10:19 AM me: now, i have often thought that many girls are just as nerdy about makeup and stupid shit like that as 'nerds' are about stuff they care about
10:20 AM laurence: i thought nerd was more about what you were nerdy (obsessive?) for
10:21 AM me: surely it's really nerdy to know what shade of brown is in fashion at the moment?
laurence: would they describe that shade in hex? or pantone? or xyz colour space?
10:22 AM me: ... point

Friday, June 13, 2008

new photos

while i've not been blogging mych, i've also not been posting up my photos on flickr. situation resolved; 6 months worth, including most of the rehearsal photos

Tuesday, June 10, 2008

lock up your credit cards

stress and anxiety over my going-nowhere application to start teacher training this year. i've suffered two rejections - one quick, the other after 'passing the first hurdle - and i can't see any reason why the others would accept. if they do, then i've got to get past my first interview since... spannerworks.

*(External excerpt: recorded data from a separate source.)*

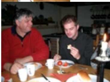
Samen gezellig uit eten gaan. Elk jaar houden we een leuk uitstapje met alle vrijwilligers
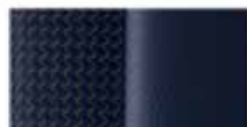
Μπλε Υφασμα/ Δέρμα
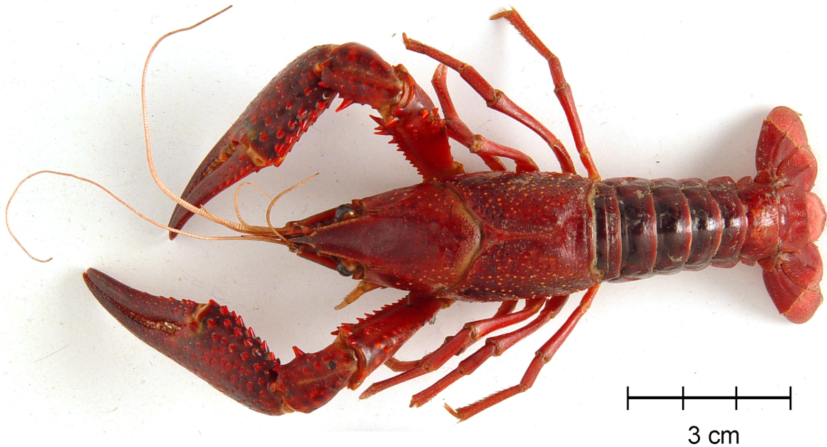
Figura 1: Procambarus (Scapulicambarus) clarkii (Girard, 1852), macho, ICN-MHN-CR 2194: vista total dorsal.

conspicuas sobre la superficie mesial, las cuales continúan hasta la porción distal (Fig. 2 C, D); el ápice del gonopodo conformado por 4 estructuras: (a) la proyección central lobulada, semicircular, con un ángulo agudo en el margen caudo-distal (Fig. 2 C E), (b) el proceso mesial prominente, triangular, con el extremo distal agudo, dirigido distalmente (Fig. C, D), (c) una protuberancia, en la porción distal de la superficie caudo-lateral del gonopodo, la cual forma una cresta elíptica distal (Fig. 2 C - E), (d) un proceso triangular, situado entre la proyección central y la cresta elíptica, con el extremo distal terminado en una espina aguda, dirigida caudalmente y ligeramente de mayor tamaño que la cresta elíptica (Fig. 2 C - E).
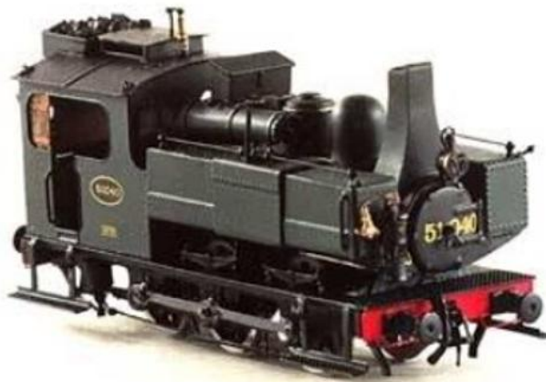
H0-model van PB Messing Modelbouw
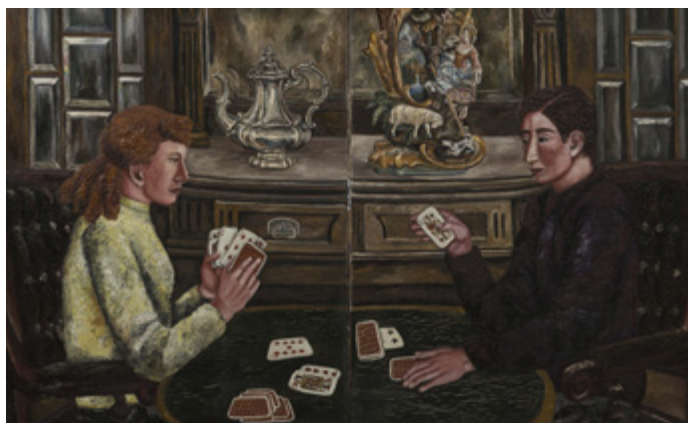
Ил. 3. Н.Н. Нестерова. Игра. Диптих. 1982. Собрание ГМВЦ «РОСИЗО».
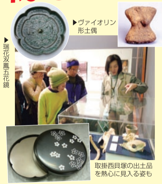
▶ ヴァイオリン形土偶
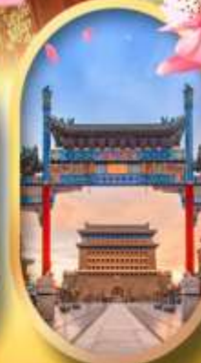
ถนนคนเดินเจียมเหมิน
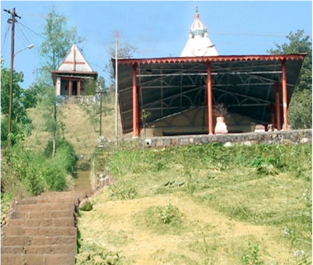
श्री .महादेव मंदिर मलकापूर
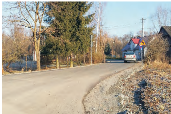
Modernizacja drogi w Skrzynce
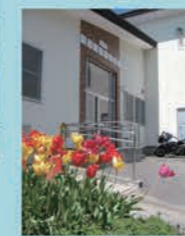
16号 もみじ台児童会館

so i'll probably have to rethink my 'plans'. do i spend the year getting the experience i need, and reapply for the year after, or chuck the whole idea in the bin and figure out something else?

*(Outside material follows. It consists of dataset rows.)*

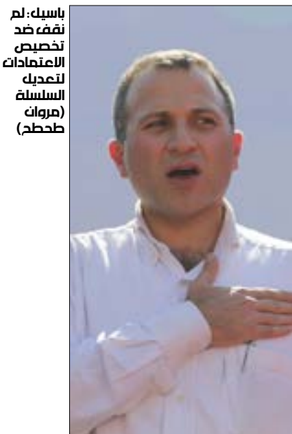
باسمك: لم نفض ضد تخصيص الاعتمادات لتعديل السلسلة (هروان طحطح)

«لا تخطئوا وتفرضوا ضرائب على الفقراء وأصحاب الدخل المحدود، هذه الضرائب لا تفعل شيئاً، هناك أموال تكسدت وتراكت، فوائدهم وأرباح طائلة تجمعت من حساب هذا الشعب ومن تبعه وعرق جبينه ومعاناته، تفضلوا جيّدوا الضرائب من هونيك، تفضلوا أوقفوا هذه المهزلة، عم تحكوا بالإصلاح، مين ضد الإصلاح؟ من هون بيبيلش الإصلاح!».
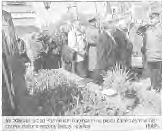
Na zdjęciu: przed Pomnikiem Katyńskim na placu Żołnierzy w Warszawie zdołano wczoraj śpiewać i wylać łzy

Zbrodnia katyńska określa się wymordowanie przez NKWD ponad 25 tysięcy polskich jeńców, wziętych do niewoli po agresji Związku Radzieckiego na Polskę. Prawda o wymordowaniu ponad 25 tysięcy polskich jeńców była ukrywana przez komunistyczne władze przez ponad pół wieku. Dopiero 13 kwietnia 1990 roku Związek Radziecki przyznał, że zbrodnię popełniło NKWD. (ho)
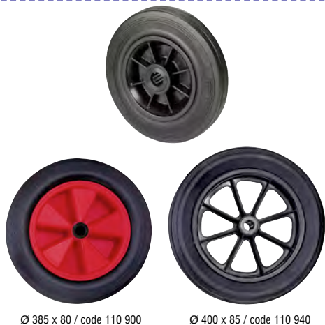
Ø 385 x 80 / code 110 900

Roue à bandage plein en CAOUTCHOUC NOIR pressé sur jante PLASTIQUE (CA/PP - 11) . Alésage lisse ou roulement à rouleaux.
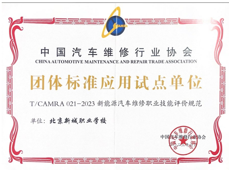
图 1-13 学校成为中国汽车维修行业协会团体标准应用试点单位

学校积极推进与行业、企业技术研发工作，参与中国汽车维修行业协会制订的《新能源汽车维修职业技能评价规范》应用，并成为团体标准应用试点单位。
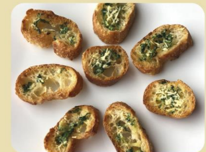
TOSTADITAS DE AJO Y QUESO CON PEREJIL
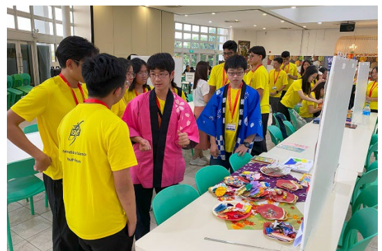
国際科学青少年フォーラム（シンガポール）の様子 1
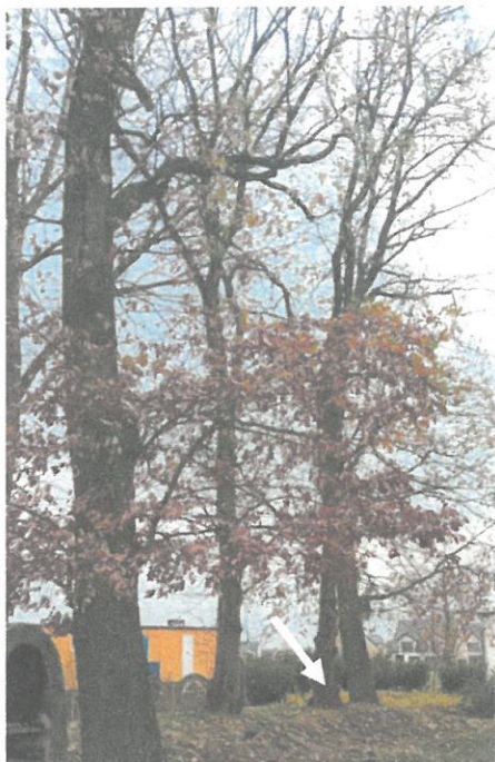
DRZEWO NR 17
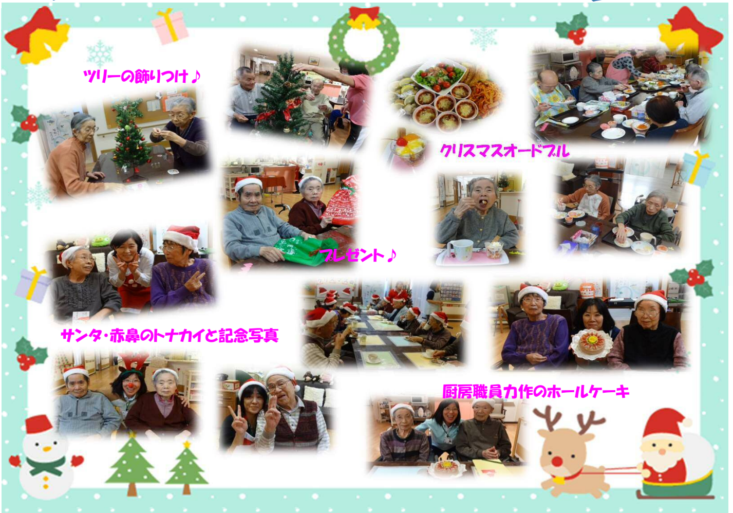
ツリーの飾りつけ♪

i've finally got the gig bug. i was at emma's first gig with world before wireless last night and wanted to be on stage. i was itching to go. it's a bourgeoning addiction and it's wyrd to notice it at these early stages. i like to think it's rocking out that does it, the andrelin, feeling the music, but of course there's the attention too. but then on stage, you can't really see the audience. it's nice when they clap without prompting innit though. mustn't let it get out of control - but i wish i was in a position where it might. last saturday's gig was great - i'm enjoying them a lot more now that i'm letting myself drink before hand (with a whisky on my amp to keep my throat warm).

ng.

i'm re-reading the silmarillion, which is great and i only read it last year - memorably, on a couch in a belly dancing club while watching rachel but being to tired/self-concious to go dance - but he's hardly worked out a coherent view of his magic system, has he? creatures just seem to have powers without explanation; glaurung's gaze might freeze you, or make you forget everything. luthien and put people to sleep or make her hair go all rapunzley, melian can hide whole kingdoms. in this post-d&d world, fantasy worlds are almost built around modular skills and levelling up - night watch immediately springs to mind, it's not even dressed up in that. 'i'm only a level two technician' and so on.

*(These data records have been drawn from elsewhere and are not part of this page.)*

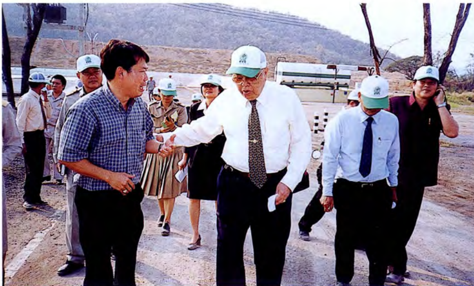
คณะกรรมการเดินทางไปศึกษาดูงานและตรวจสอบสภาพข้อเท็จจริง ณ บริเวณพื้นที่ที่ใช้ฝังกลบ ขยะของบริษัท เบตเตอร์เวิลด์กรีน จำกัด จังหวัดสระบุรี เมื่อวันที่ ๒๗ มกราคม ๒๕๕๖
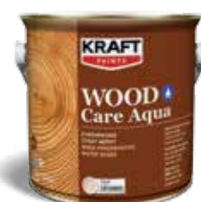
Συντηρητικό ξύλου νερού
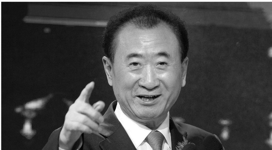
Wang Jianlin, l'homme le plus riche de Chine a instamment demandé à M. Trump de ne pas ruiner l'industrie des loisirs par une guerre commerciale.
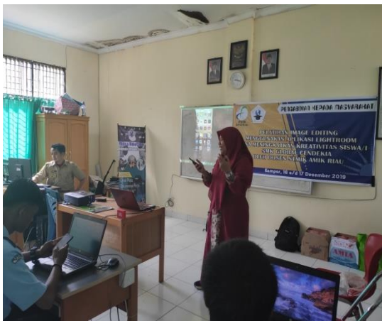
Gambar 3. Dokumentasi Pemberian materi image editing

Pada kegiatan ini, siswa/i SMK Global Cendekia sangat antusias menerima materi dikarenakan belum pernah belajar tentang image editing menggunakan Lightroom. Siswa/i merasa tertantang dengan ilmu yang baru mereka dapat dan memiliki keinginan untuk lebih memperdalam mengenai image editing tersebut. Dibawah ini Gambar 3. merupakan dokumentasi saat pemberian materi image editing .
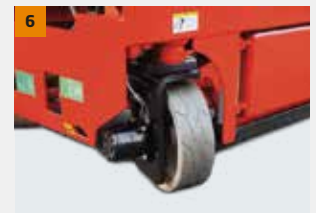
Motor de tração
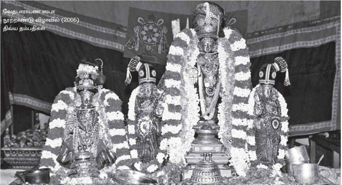
வேதபாராயண ஸபா நூற்றாண்டு விழாவில் (2005) திவ்ய தம்பதிகள்

கடந்த 1905ஆம் ஆண்டு வேதபாராயண ஸபா அந்தநாளில் மாடமாமயிலையில் எழுந்தருளியிருந்த பல மஹான்களால் தொடங்கப்பட்டது. நம் ஸந்நிதியில் எம்பெருமான் எழுந்தருள்வதற்கு முன்பாகவே இந்த வேதபாராயண ஸபை
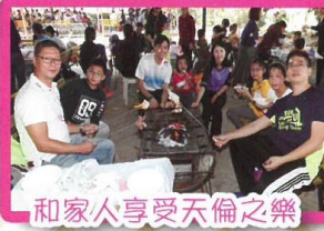
和家人享受天倫之樂
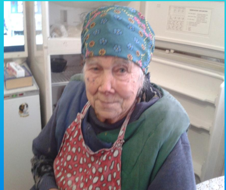
Фото и интервью взяли Киреева А. и Ивашутина А. в октябре 2014г.

Когда кончалась война я уже была в 6 классе. После войны тоже работала в колхозе.
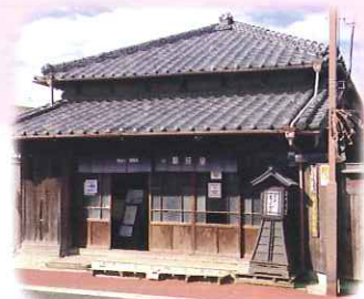
明治時代の 呉服屋 駿河屋 旧今井家住宅
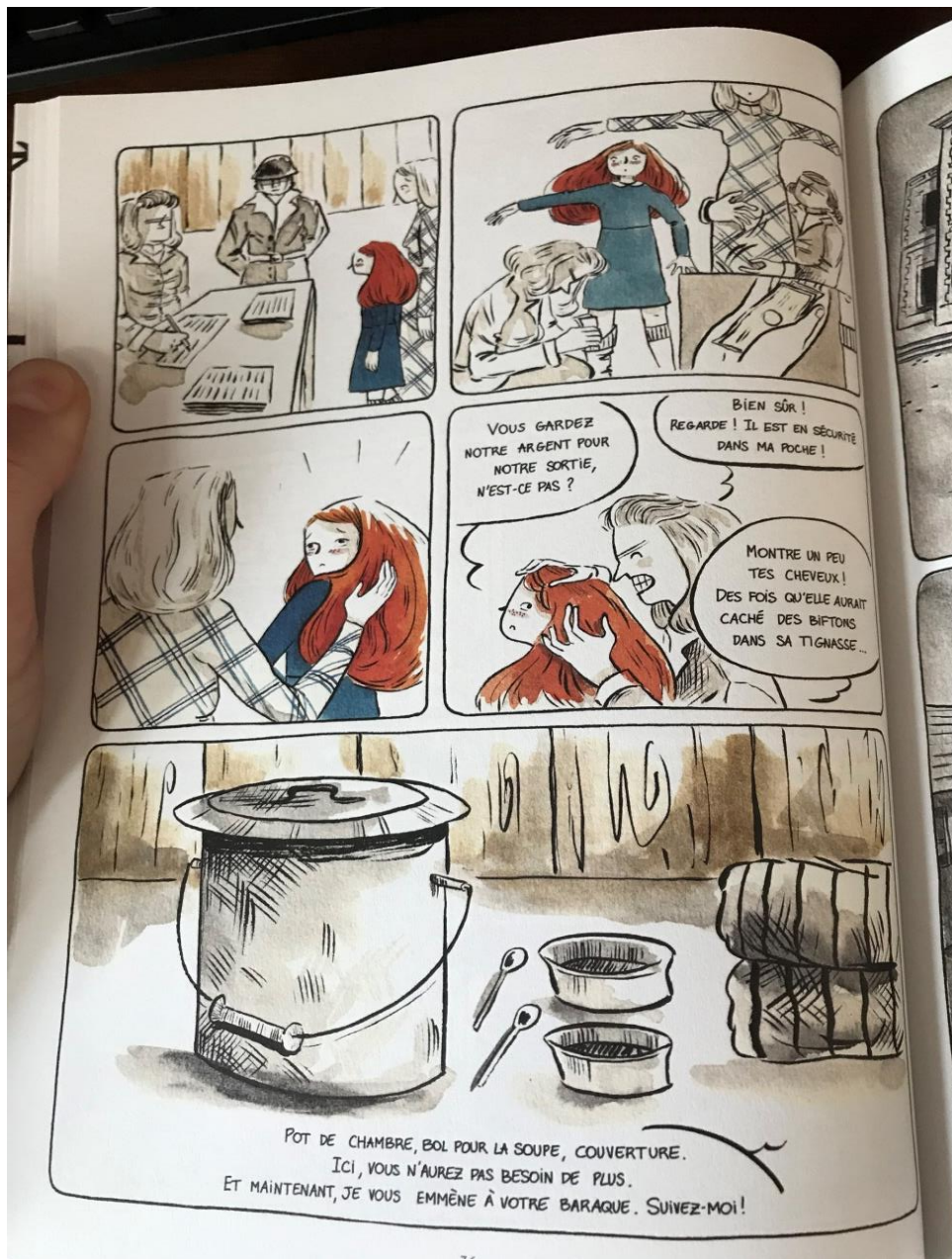
Figure 2. Planche de la BD C'est Aujourd'hui Dimanche , p36.
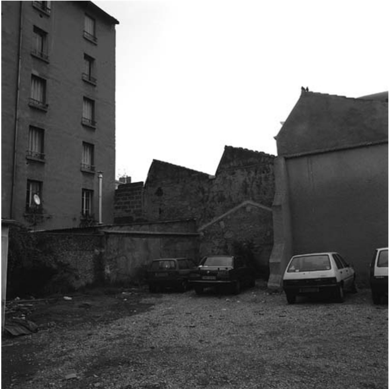
Vue ouest de la cour de l'immeuble
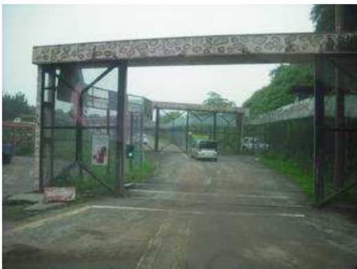
二重ゲートを抜けると…
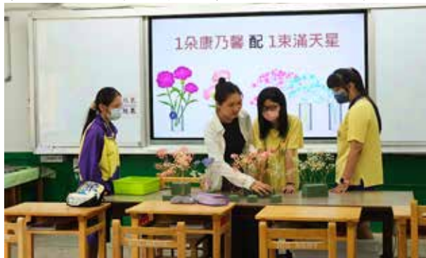
▲學課融入母親節，具體呈現學習內容並在實務操作下引導學生理解基本概念。

教育實習期間，很幸運能跟著很多現場教師學習，每位老師的風格雖不盡相同，但可以看見每位老師的熱情以及對學生的愛都是一樣的。在新民國中，滿滿都是教師間互助、合作與輔導學生的風景，許多老師是自願利用休息時間來指導學生或安排課餘活動。我深深的體悟了這句名言：「If you want to go fast, Go alone. If you want to go far, Go together.」，看著這些熱情四射的教師們認真投入地討論與規劃活動，或是盡心盡力花時間為學生個別指導；學生們也樂在其中地享受著活動，或當疑問、困難得到解決時的開朗表情，這一切讓我在心中埋下一個種子，希望自己能像這些老師一樣，成為一位能為學生搭鷹架的教學者，成為一位能讓學生享受校園生活的教師，更期許自己未來不論遇到何等挫折，也能保持著如此的初衷。

and with that, i'm going to go and play ultima underworld 2 on my lunch hour. there's something about stress and anxiety that makes a person want to... withdraw.

Thursday, June 05, 2008

2 neologisms

thingoled: to have fallen suddenly, deeply, in love, to the point of neglecting everything else in your life - friends, family, hobbies, bruised pilgrim, &c.
named for the quendi of the telari in the silmarilion, who bumps into melian of the maiar, and forgets that he was supposed to have been leading his tribe to the land of the gods. the big idiot.

autopeadophilia: wanking over childhood photos of yourself - a minefield of consent!

Tuesday, June 03, 2008

no subject

she’s trying to give me nits. maybe i should have actually washed my hair rather than just wetting it in the bath last night. but she shouldn’t have said about the nitty girl at school. it’s not just the nits, it’s what the nits represent; the remind me of the time of controversy, instability, and comics.

i bought sam ‘n’ max surfing the highway for the second time in my life. i lost it maybe 12 years ago? so it finally got re-released, by tell-tale games, who are also the people making the new games... i love it when a plan comes together.

i spend too long reading the comments.

i got massively into lost winds for it’s three hour length, then realised it was made by david braben and was impressed, then found out they’ve already announced the sequel… and came to the opinion it’s a glorified demo/shareware episode. which is nice too i guess. now, do i invest in the final fantasy city building game that’s meant to be quite good? or leave well alone and make more music? i hate that computer games are so selfish.

our eurovision party rocked. rocked a fat one. we figure we had thirty-five people all told, almost enough for one a country, but people get confused round the balkans and everyone wants to be france.
when people ask how i am, i say, “we’re fine”.